§ INFORMATION SUPPLIED:

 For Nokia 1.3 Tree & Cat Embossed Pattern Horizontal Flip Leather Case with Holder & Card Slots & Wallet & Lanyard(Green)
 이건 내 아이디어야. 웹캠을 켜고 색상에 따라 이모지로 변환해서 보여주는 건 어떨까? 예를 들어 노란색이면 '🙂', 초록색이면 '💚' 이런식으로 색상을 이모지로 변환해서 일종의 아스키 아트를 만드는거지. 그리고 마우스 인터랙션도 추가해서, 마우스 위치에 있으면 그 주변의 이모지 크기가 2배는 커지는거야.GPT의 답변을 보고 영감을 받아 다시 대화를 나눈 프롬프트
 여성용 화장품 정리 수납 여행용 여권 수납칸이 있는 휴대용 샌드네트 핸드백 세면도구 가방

...

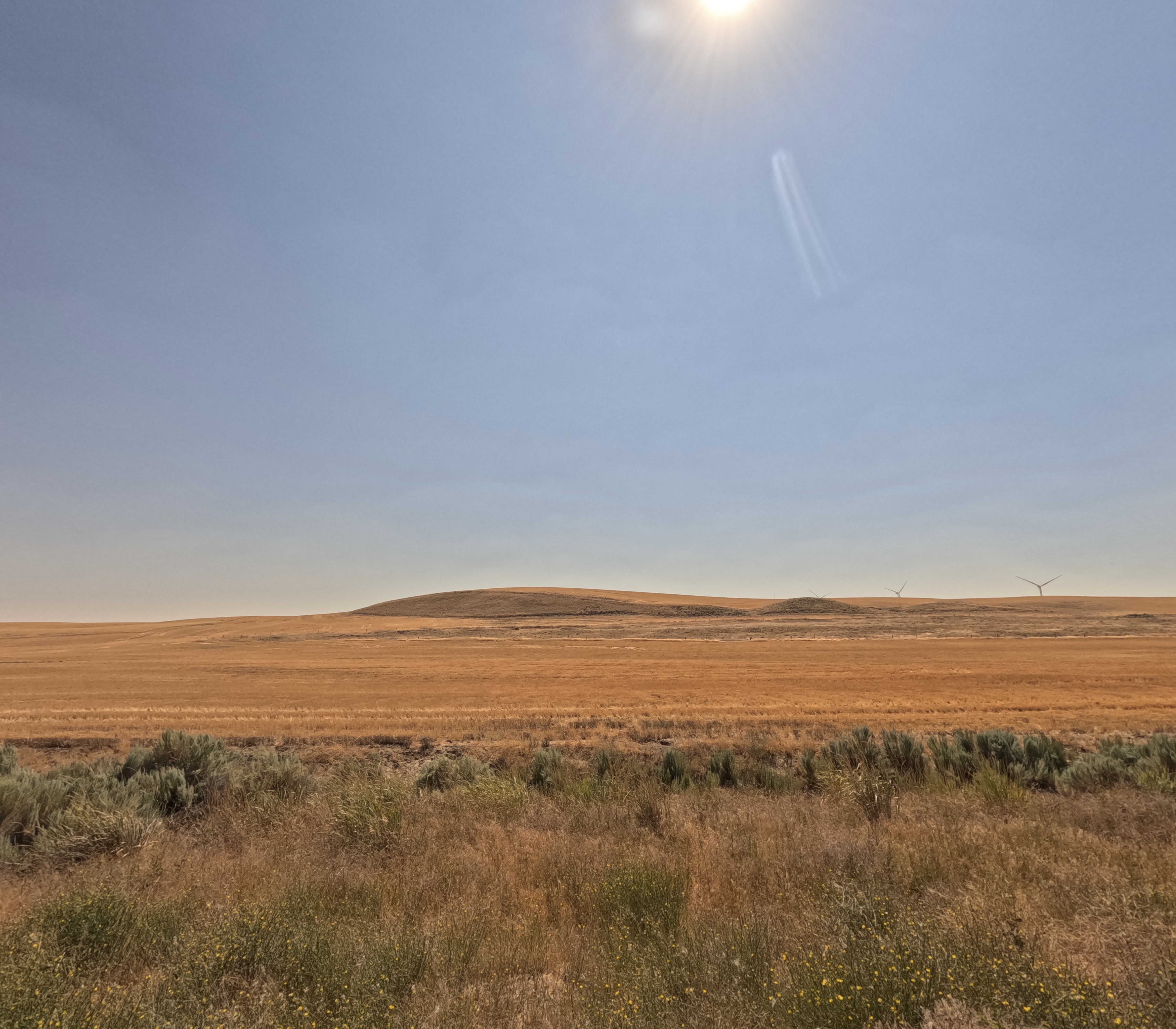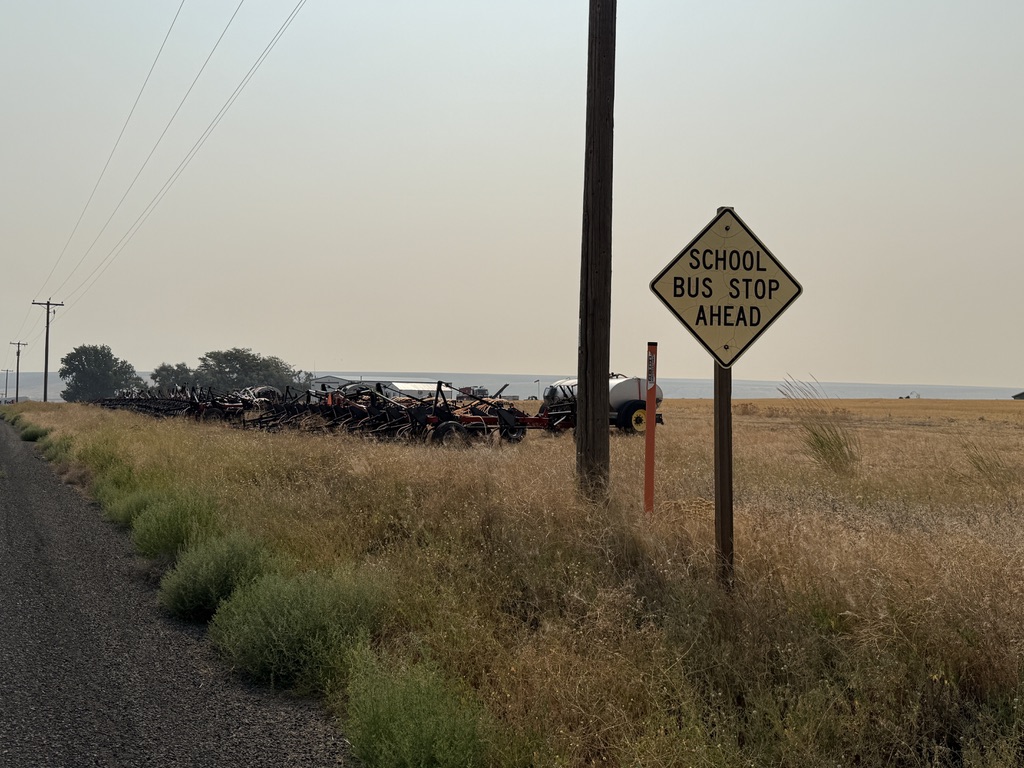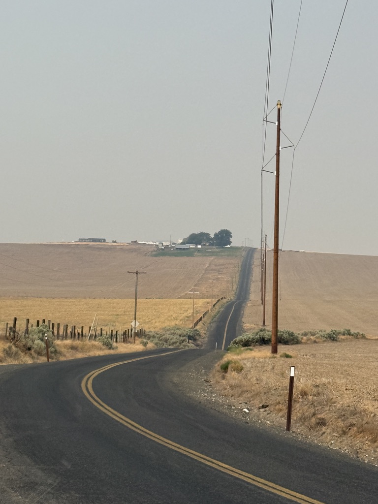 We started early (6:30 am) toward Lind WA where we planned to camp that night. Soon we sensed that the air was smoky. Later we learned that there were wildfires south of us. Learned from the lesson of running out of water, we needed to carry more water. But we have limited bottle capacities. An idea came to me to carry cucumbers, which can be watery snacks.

...

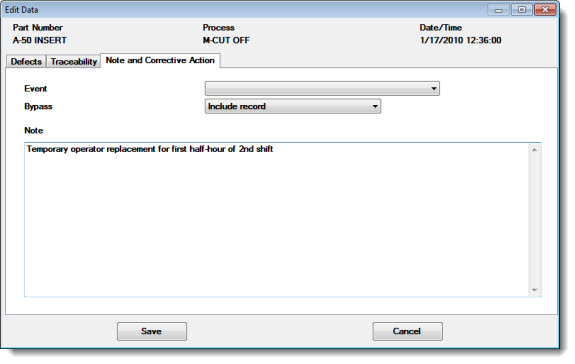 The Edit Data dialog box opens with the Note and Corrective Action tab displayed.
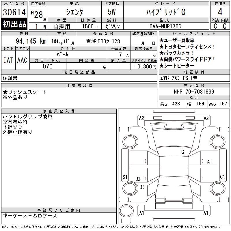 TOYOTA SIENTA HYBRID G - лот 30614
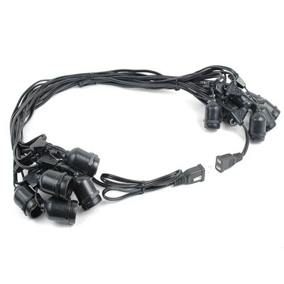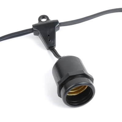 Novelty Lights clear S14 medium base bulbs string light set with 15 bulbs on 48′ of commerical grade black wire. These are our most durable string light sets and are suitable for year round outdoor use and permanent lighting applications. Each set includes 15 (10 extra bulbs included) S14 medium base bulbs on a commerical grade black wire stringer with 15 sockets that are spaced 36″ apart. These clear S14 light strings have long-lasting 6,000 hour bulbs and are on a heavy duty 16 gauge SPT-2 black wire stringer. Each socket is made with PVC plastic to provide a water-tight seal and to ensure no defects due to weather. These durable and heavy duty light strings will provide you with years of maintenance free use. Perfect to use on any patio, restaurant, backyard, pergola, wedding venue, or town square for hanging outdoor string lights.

§ TASK DETAILS: Take the entries above and return only the lines from the one with "For Nokia 1.3" to the one with "여성용 화장품 정리 수납", both included, unchanged.

§ ANSWER TO THIS PROBLEM:
 For Nokia 1.3 Tree & Cat Embossed Pattern Horizontal Flip Leather Case with Holder & Card Slots & Wallet & Lanyard(Green)
 이건 내 아이디어야. 웹캠을 켜고 색상에 따라 이모지로 변환해서 보여주는 건 어떨까? 예를 들어 노란색이면 '🙂', 초록색이면 '💚' 이런식으로 색상을 이모지로 변환해서 일종의 아스키 아트를 만드는거지. 그리고 마우스 인터랙션도 추가해서, 마우스 위치에 있으면 그 주변의 이모지 크기가 2배는 커지는거야.GPT의 답변을 보고 영감을 받아 다시 대화를 나눈 프롬프트
 여성용 화장품 정리 수납 여행용 여권 수납칸이 있는 휴대용 샌드네트 핸드백 세면도구 가방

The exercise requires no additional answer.